In the past, a scholar would have to spend years of intense researching in order to assemble a broad humanities-​​based assess­ment of a topic like the role of race in 19th-​​century literature.

That would require reading for years,” said Ryan Cordell, a new assis­tant pro­fessor of Eng­lish in the Col­lege of Social Sci­ences and Human­i­ties at North­eastern. “And after all that time, he or she would have read 0.0001 per­cent of what was written in that era. There are limits of what you can phys­i­cally read.”

Enter the emerging field of dig­ital human­i­ties, which applies com­puter and network-​​science tech­niques to dig­i­tized texts, like the mas­sive vol­umes of lit­er­a­ture that have been scanned and stored over the past two decades.

The Internet Archive has scanned more than 2 mil­lion public-​​domain books span­ning 500 years, so we can see how lan­guage, words and syntax change over time — or look at any broad trend that exists,” said David Smith, a new assis­tant pro­fessor in the Col­lege of Com­puter and Infor­ma­tion Sci­ence. He was pre­vi­ously a research assis­tant pro­fessor at the Uni­ver­sity of Massachusetts-​​Amherst and in 2010 received a Ph.D. from Johns Hop­kins University.

Smith and Cordell are among the fac­ulty mem­bers founding Northeastern’s new Cen­ters for Dig­ital Human­i­ties and Com­pu­ta­tional Social Sci­ence, an inter­dis­ci­pli­nary base for researchers from schools including the Col­lege of Com­puter and Infor­ma­tion Sci­ence, the Col­lege of Social Sci­ences and Human­i­ties and the Col­lege of Sci­ence.

By turning these archives into data, we can make quan­ti­ta­tive and replica­tive analysis,” said Smith, such as looking at how infor­ma­tion spreads through a society over time or looking at lit­er­a­ture to examine issues like social mobility during a par­tic­ular era.
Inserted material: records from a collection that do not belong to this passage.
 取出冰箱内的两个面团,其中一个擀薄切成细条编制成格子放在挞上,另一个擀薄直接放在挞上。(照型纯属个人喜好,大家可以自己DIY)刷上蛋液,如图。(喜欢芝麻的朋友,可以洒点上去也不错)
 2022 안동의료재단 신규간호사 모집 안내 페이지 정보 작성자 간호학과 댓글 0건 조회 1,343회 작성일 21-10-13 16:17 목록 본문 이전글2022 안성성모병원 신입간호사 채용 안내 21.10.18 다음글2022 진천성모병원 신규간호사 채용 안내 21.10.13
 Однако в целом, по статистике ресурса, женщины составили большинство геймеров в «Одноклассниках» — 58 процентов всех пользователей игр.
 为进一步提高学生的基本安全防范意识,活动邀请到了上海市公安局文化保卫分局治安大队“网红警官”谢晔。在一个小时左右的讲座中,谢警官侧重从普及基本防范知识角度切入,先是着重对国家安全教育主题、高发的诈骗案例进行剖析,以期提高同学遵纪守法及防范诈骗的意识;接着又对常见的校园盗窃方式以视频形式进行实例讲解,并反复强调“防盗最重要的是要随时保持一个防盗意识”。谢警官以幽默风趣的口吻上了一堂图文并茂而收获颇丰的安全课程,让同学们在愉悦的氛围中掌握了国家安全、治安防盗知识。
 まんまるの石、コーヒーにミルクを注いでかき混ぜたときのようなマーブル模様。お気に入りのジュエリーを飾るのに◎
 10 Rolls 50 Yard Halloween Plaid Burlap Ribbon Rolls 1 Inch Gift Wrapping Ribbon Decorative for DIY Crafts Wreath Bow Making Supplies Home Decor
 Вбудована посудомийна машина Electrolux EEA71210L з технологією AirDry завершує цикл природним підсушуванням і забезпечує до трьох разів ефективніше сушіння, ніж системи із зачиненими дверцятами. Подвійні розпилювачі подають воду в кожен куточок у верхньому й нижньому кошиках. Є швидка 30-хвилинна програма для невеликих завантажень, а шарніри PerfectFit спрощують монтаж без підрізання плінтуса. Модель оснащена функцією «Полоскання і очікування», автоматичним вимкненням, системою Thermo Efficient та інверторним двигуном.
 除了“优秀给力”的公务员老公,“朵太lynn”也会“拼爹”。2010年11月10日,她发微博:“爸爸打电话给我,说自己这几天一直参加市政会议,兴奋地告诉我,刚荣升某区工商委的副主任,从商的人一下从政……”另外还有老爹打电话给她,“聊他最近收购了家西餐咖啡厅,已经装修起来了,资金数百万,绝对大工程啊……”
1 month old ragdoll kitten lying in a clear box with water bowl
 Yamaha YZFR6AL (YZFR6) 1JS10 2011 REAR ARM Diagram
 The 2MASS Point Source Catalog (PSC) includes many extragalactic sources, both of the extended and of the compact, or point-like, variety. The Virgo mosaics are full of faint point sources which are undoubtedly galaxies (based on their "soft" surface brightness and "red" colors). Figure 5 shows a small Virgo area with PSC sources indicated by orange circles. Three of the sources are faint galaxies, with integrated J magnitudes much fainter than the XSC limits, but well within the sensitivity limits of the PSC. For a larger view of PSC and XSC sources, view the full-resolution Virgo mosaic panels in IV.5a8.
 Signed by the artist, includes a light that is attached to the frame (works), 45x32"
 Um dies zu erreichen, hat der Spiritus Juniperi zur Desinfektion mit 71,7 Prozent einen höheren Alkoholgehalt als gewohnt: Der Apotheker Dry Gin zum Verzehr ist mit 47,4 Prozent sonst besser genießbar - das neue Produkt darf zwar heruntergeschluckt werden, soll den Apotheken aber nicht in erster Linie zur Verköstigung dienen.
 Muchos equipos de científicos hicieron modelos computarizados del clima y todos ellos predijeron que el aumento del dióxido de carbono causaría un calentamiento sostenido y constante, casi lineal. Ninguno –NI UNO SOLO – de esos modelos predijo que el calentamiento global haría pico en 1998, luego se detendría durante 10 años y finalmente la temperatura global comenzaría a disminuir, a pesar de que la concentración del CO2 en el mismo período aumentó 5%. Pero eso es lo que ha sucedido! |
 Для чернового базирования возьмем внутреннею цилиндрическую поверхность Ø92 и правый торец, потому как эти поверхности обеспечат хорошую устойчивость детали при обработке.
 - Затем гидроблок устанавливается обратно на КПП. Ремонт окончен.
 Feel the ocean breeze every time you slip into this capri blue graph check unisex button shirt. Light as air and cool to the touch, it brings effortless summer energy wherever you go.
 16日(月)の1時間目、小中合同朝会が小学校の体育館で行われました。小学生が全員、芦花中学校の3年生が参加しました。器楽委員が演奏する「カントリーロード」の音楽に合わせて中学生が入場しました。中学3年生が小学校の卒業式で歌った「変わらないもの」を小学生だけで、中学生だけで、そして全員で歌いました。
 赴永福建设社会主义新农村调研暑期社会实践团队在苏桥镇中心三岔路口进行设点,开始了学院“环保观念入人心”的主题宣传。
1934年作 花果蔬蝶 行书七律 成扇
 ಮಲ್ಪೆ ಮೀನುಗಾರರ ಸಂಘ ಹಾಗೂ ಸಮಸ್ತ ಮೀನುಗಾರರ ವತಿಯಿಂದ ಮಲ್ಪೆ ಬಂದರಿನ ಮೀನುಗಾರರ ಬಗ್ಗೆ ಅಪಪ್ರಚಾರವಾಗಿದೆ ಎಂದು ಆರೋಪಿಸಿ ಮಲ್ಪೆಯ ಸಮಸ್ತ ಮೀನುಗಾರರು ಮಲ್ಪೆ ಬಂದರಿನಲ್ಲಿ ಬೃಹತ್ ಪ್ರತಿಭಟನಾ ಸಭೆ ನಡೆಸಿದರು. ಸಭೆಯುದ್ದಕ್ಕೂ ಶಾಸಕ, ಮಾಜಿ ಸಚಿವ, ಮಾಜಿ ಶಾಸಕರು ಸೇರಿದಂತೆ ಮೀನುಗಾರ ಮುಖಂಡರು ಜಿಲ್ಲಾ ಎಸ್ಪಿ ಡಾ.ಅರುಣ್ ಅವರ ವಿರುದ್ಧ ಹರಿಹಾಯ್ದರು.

Cordell, who received his Ph.D. from the Uni­ver­sity of Vir­ginia in 2010, enters the field from a human­i­ties per­spec­tive: While working on his dis­ser­ta­tion, he began to track the (usu­ally uncred­ited) spread of a piece by Nathaniel Hawthorne through news­pa­pers and pub­li­ca­tions across the United States. Hawthorne him­self used the term “pirating” before its per­va­sive use to describe his work’s spread, and Cordell was curious if that same phe­nom­enon existed with other publications.

If you don’t know what is going to be reprinted, you’re left com­paring every­thing to every­thing else,” said Smith, who explained how digital-​​humanities methods allow researchers to turn text into search­able data, which can be orga­nized and assessed with network-​​science tech­niques. “What you ulti­mately get are net­work maps that let us the­o­rize how these pub­li­ca­tions were talking to one another and explain how this infor­ma­tion spread.”

Both Cordell and Smith will be teaching courses for under­grad­u­ates and grad­u­ates this fall: Smith a course on infor­ma­tion retrieval, and Cordell one on tech­nolo­gies of text, which he jokes covers “a his­tory of reading from the scroll to the scroll.”